Possibly. Basically you'd have to carry sufficient "fuel" to brake from constant velocity, so either a slower coast or a far bigger probe. I'm unable to crunch the numbers atm but back-of-the-envelope suggests many times larger.

Originally Posted by jhunter1163 View Post
I've wondered this myself... what would we do if we spotted something coming in, maybe a kilometer across, and spectroscopically determined that it was metallic. Not many natural metallic objects way out there... we'd have to consider the possibility that it was artificial. Biggest news of the millennium, right there.
That's tending towards an OCP, I expect it'd shake money loose and not just for NASA.

Originally Posted by Foster Zygote View Post
What if it's pure neutronium?
A 1km3 sphere of neutron degenerate matter would mass ~2.1E26kg, more than thirty five times as much as the Earth or about one-ninth as much as Jupiter; it's gravitational pull would be noticed quickly.

Originally Posted by CynicalSkeptic View Post
Nice:

J002E3WP

eta: Cool animated gif:

https://upload.wikimedia.org/wikiped...2e3f_orbit.gif

L1 is a Lagrange point?
Yep L1 is the Lagrange point between the primary and secondary masses, i.e. between the Earth and Luna in this case.

Originally Posted by CapelDodger View Post
That'd cause a stir on the collector's market. Worth a short story ...
Hopefully it'll become part of a space station at some point.

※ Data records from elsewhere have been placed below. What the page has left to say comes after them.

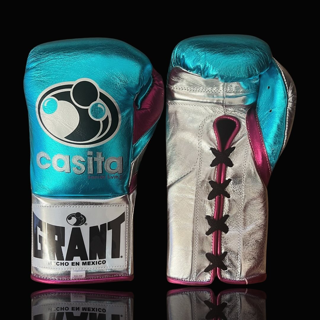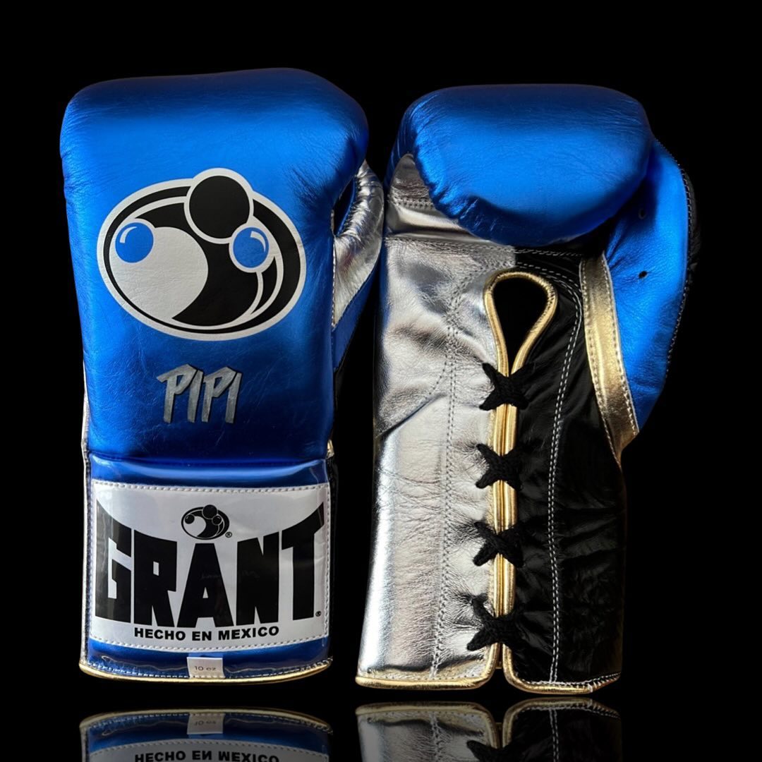 Grant Metallic Blue Silver Boxing Gloves Lace-Up Training Edition
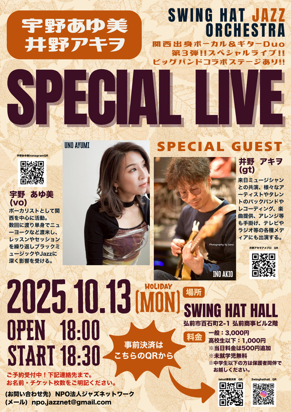 ご予約・お問い合わせ ✉️ npo.jazznet@gmail.com
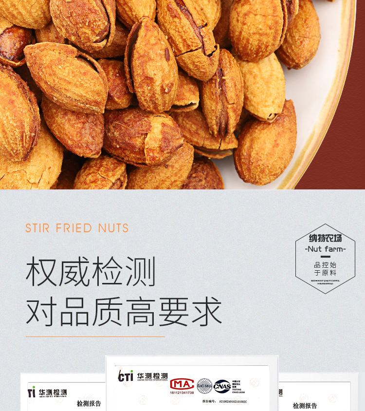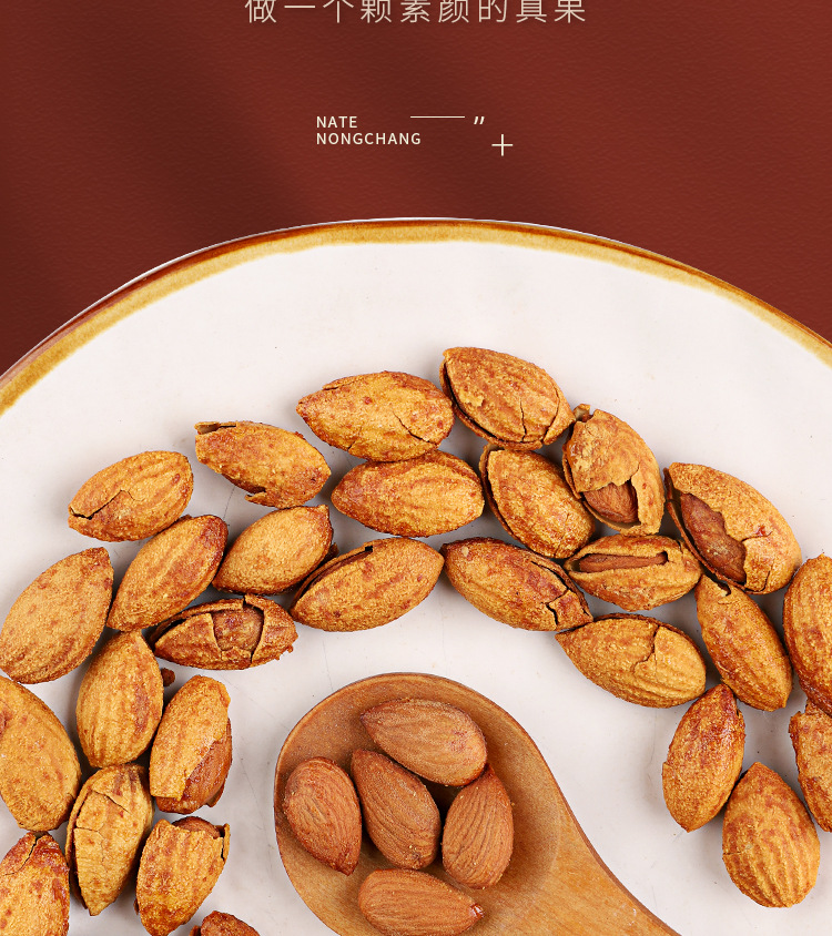 | Raw materials and ingredients | Almond raw materials, edible salt, white sugar, monosodium glutamate, natural spices, food additives (cyclamate, acesulfame potassium, saccharin sodium, aspartame |
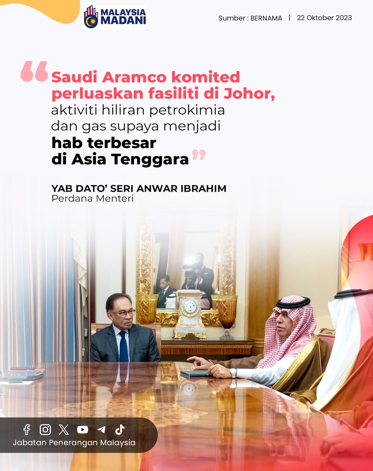 SAUDI ARAMCO KOMITED PERLUASKAN FASILITI DI JOHOR, AKTIVITI HILIRAN PETROKIMIA DAN GAS SUPAYA MENJADI HAB TERBESAR DI ASIA TENGGARA
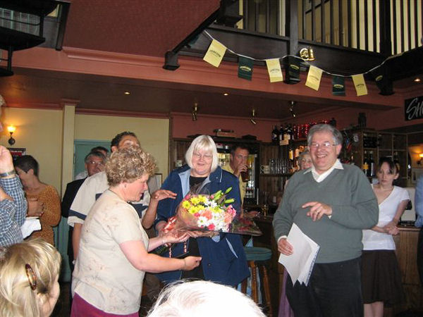 Anne making a presentation to Claudette, Steve's wife
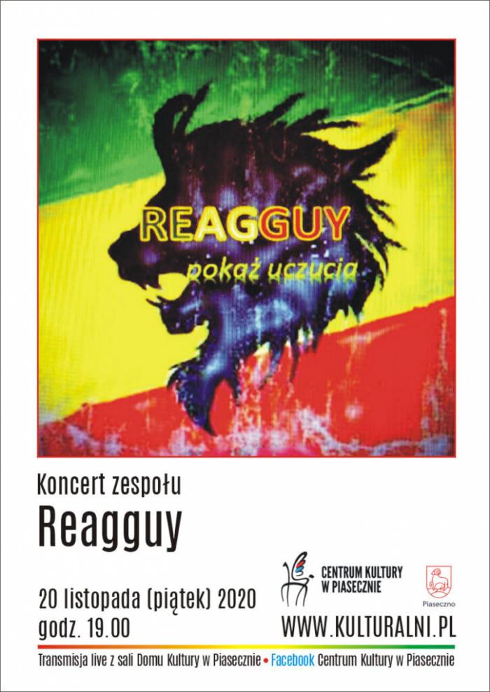 Koncert zespołu Reagguy 20 listopada (piątek) 2020 godz. 19:00 Transmisja live z sali Domu Kultury w Piasecznie Facebook Centrum Kultury w Piasecznie
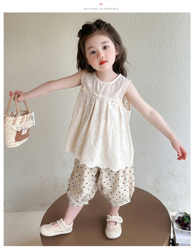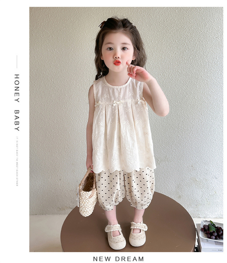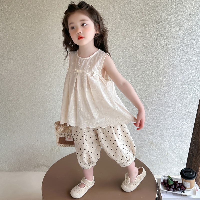 소녀 활 점 바지 세트 2025 여름 새로운 패션 소녀 세련된 투피스 어린이 여름 원피스
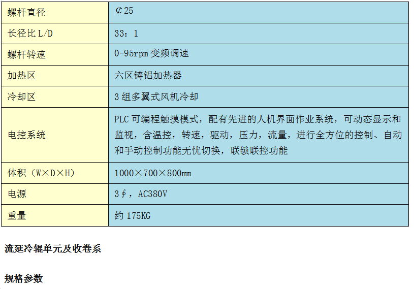 本機主要由主驅動(dòng)電機、傳動(dòng)裝置、擠出裝置、加料斗、電控系統、流延模頭、兩輥壓延等組成.
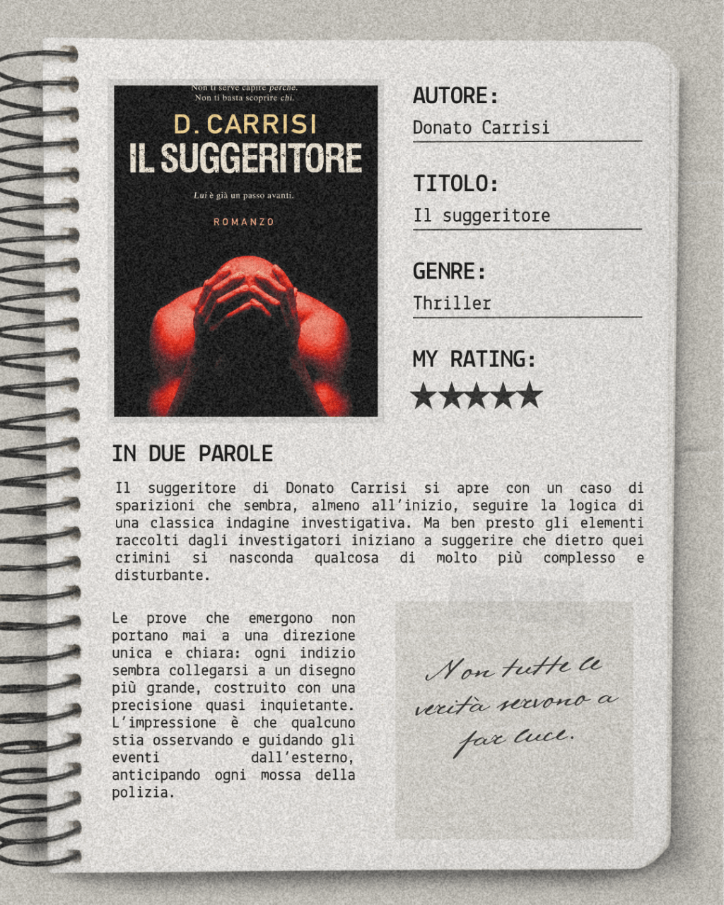 Leggere Il suggeritore di Donato Carrisi è un’esperienza che va oltre il classico thriller. Non è solo una storia da seguire, ma un meccanismo che lentamente ti trascina dentro una sensazione costante di inquietudine, come se qualcosa, sotto la superficie, stesse sempre osservando.
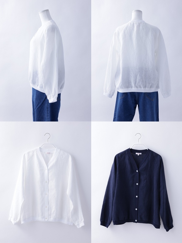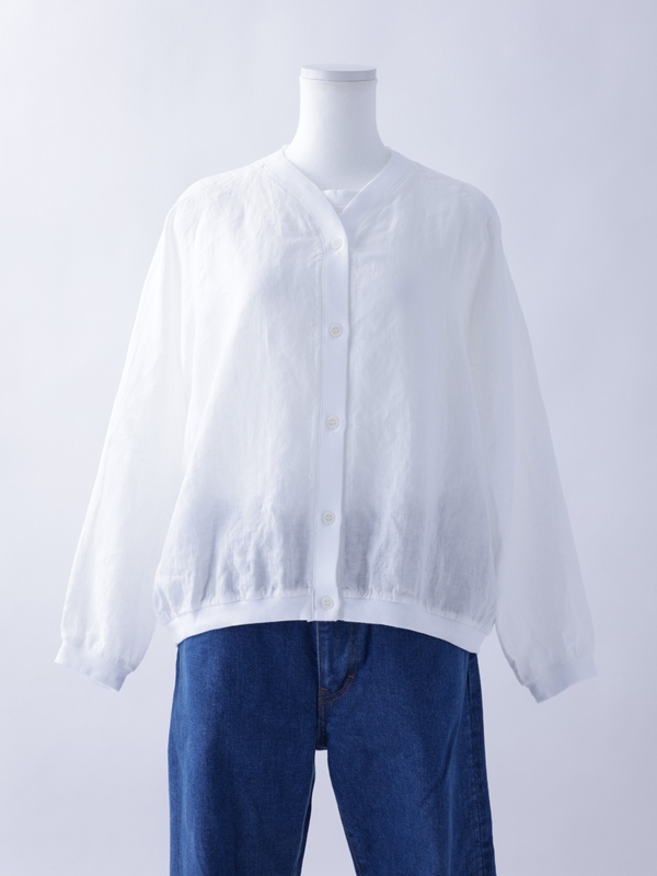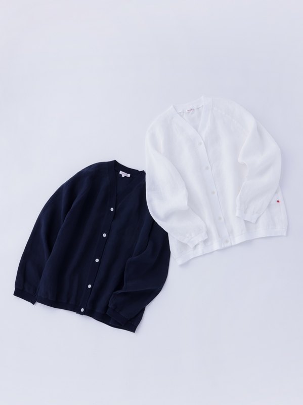 兵庫・苦楽園の人気セレクトショップ「パーマネントエイジ」は、ベーシックな中にも“今”を感じさせるオリジナルアイテムに毎シーズン注目が集まります。今季のおすすめは、軽やかなフレンチリネン素材のカーディガン。シャツのようにさらりとはおれて風通しもよく、春夏の温度調整にもってこいです。「シンプルなデザインですが、リブ部分はコットン素材を使用していて、さりげない異素材の組み合わせがアクセントになっています」と桃井さん。
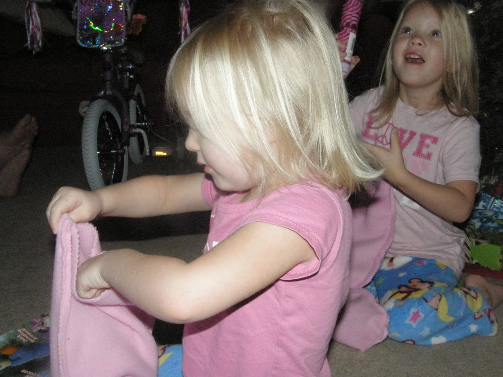 The girls new bikes that Santa brought them. I wish I could figure out why my video wont upload. Katie's first reaction was. "Mom, Santa didn't get these. . . you got them from the store! We sawl (yes, no typo that is how she pronounces saw) them and you got them for us!" Can't pull anything over on this five year old! Thought the magic would last a little longer guess not. She was still happy to receive it though, now if we could just get her to ride without her training wheels!
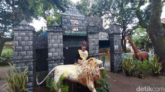 Tak hanya itu, mereka juga membuat rumah ala kerajaan untuk tempat pemungutan suara. Para petugas juga terpantau memakai pakaian seperti orang pedalaman.
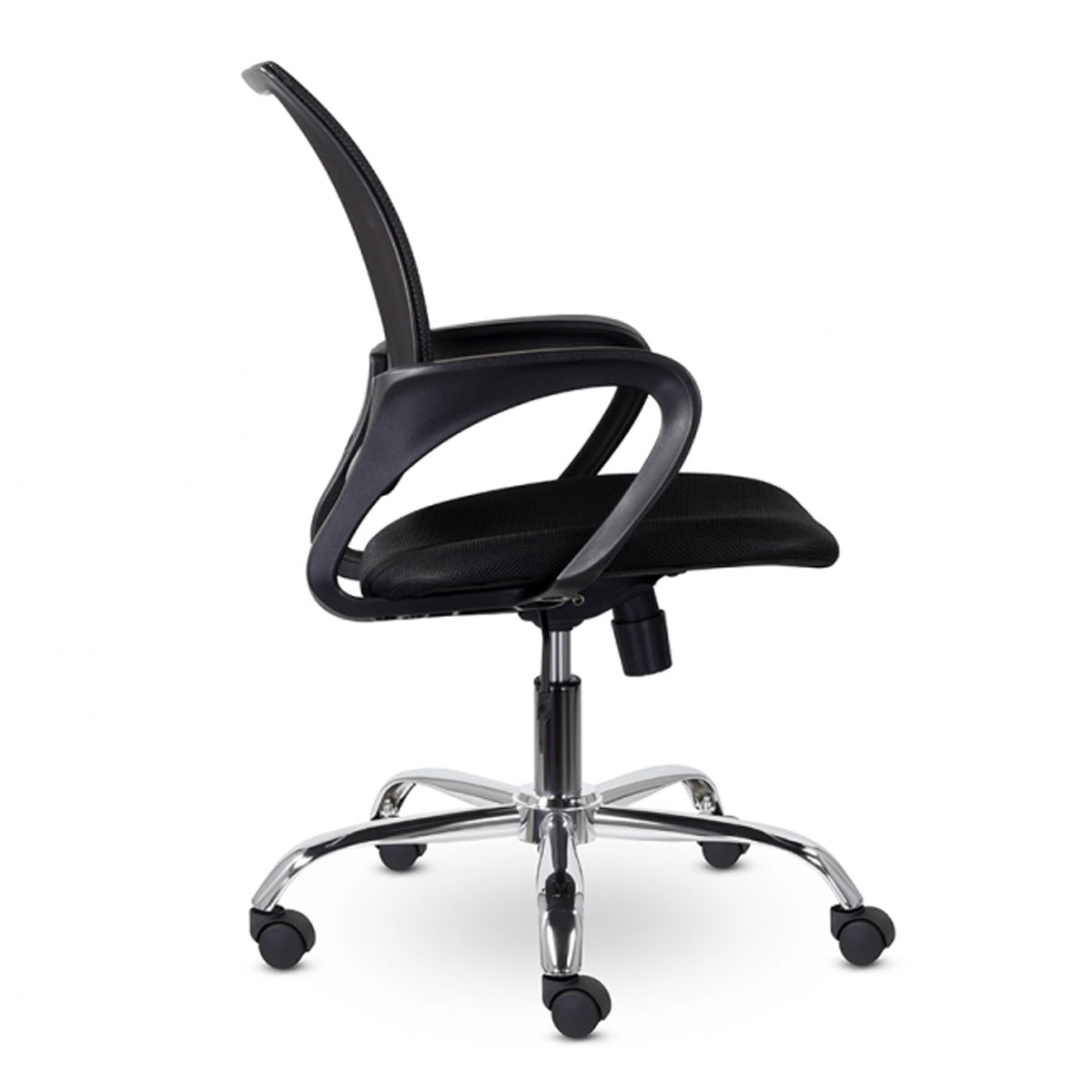 Современное компактное кресло для персонала будет хорошо смотреться в открытых офисах и коворкингах. Сетчатая спинка обеспечивает оптимальную циркуляцию воздуха, что немаловажно при длительной работе. Широкие пластиковые подлокотники являются частью каркаса
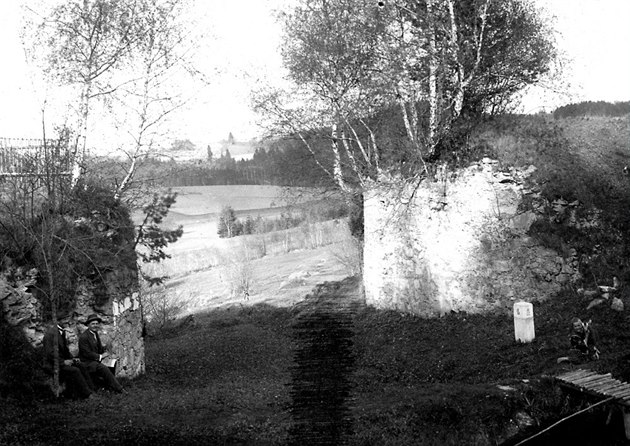 Opěry hraničního mostu mezi Čechami a Rakouskem na snímku z roku 1925, kdy se poprvé mapovaly pozůstatky koněspřežky. Archiv Iva Hajna GPS: 48.6228583N, 14.4505675E
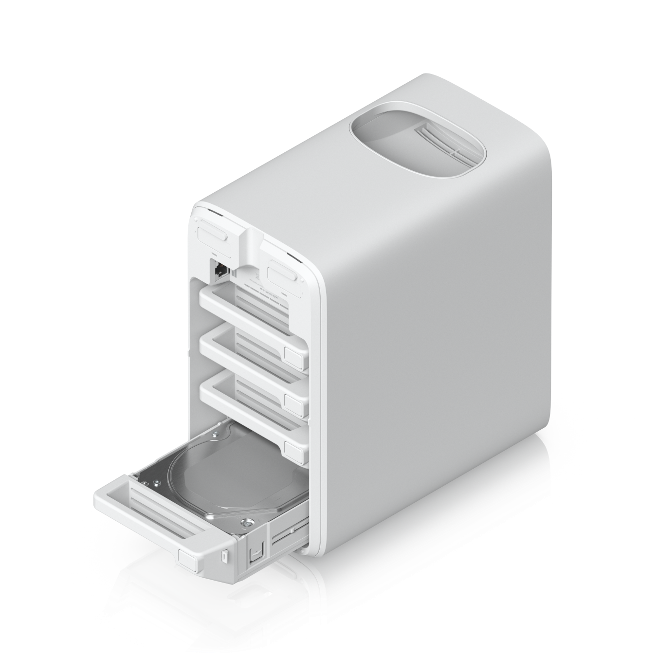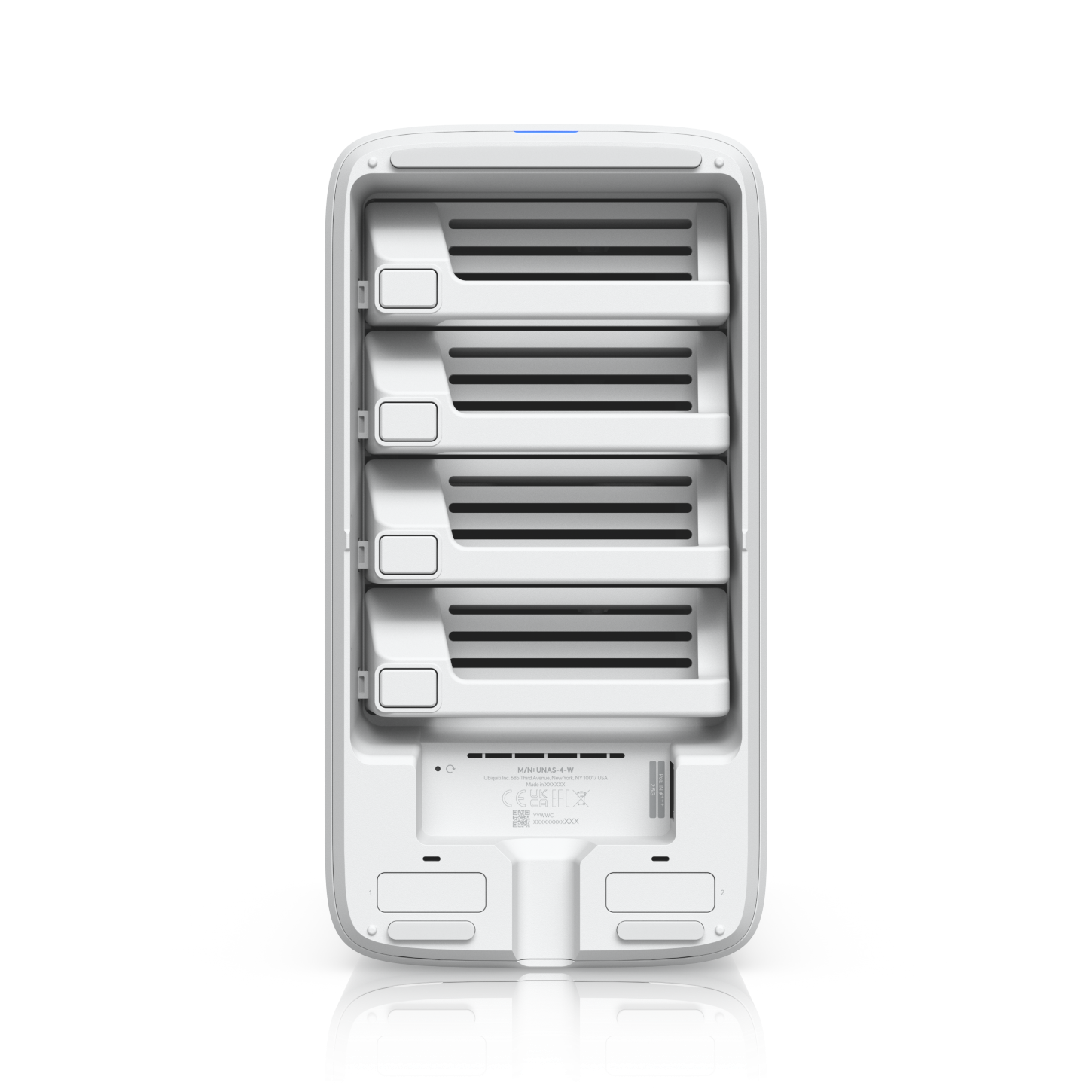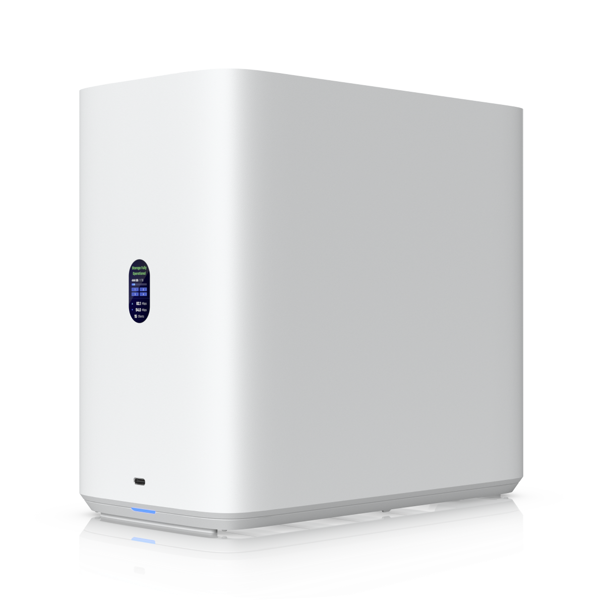 UniFi Network Attached Storage with (4) 2.5/3.5-inch HDD bays, (2) M.2 NVMe SSD cache slots, 2.5 GbE network, USB-C connectivity and an included PoE+++ adapter, all in a compact space.
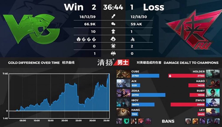 【34:33】VG开启远古龙,凯南侧翼绕后进场留住千珏和锤石,VG装备碾压团灭RW一波结束比赛。
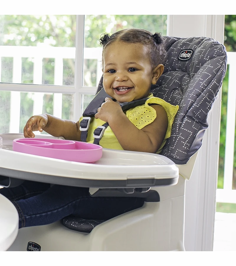 - Padded, 5-point harness for highchair and booster
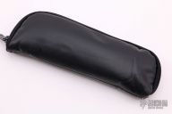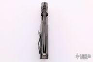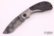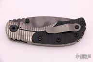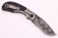 This RCC framelock by Mick Strider features a nightmare grind recurve blade with notched thumbrest and dual thumbstuds. The handle has a titanium frame with black G-10 scales, tumbled titanium backspacer and tip up titanium clip. Nice detent, lockup and blade seating. Comes with a zippered case. Excellent condition.
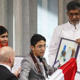 CIUDAD DE MÉXICO (11/DIC/2014).- El joven que interrumpió la entrega del Premio Nobel de la Paz al acercarse a los galardonados con una bandera nacional con una mancha, Adán Cortés, aseguró que volvería a actuar de la misma manera.

Originally Posted by davefoc View Post
Do RTG's put out the same amount of energy continuously or can they be throttled back so that the RTG is only getting used up when energy is required?
RTGs rely on radioactive decay, so technically the heat produced is always slowly decreasing. There's no way to alter this bar manipulating the nuclear force in some manner we cannot currently achieve.


And finally, I'm surprised no-one has mentioned New Horizons's passenger; Clyde Tombaugh.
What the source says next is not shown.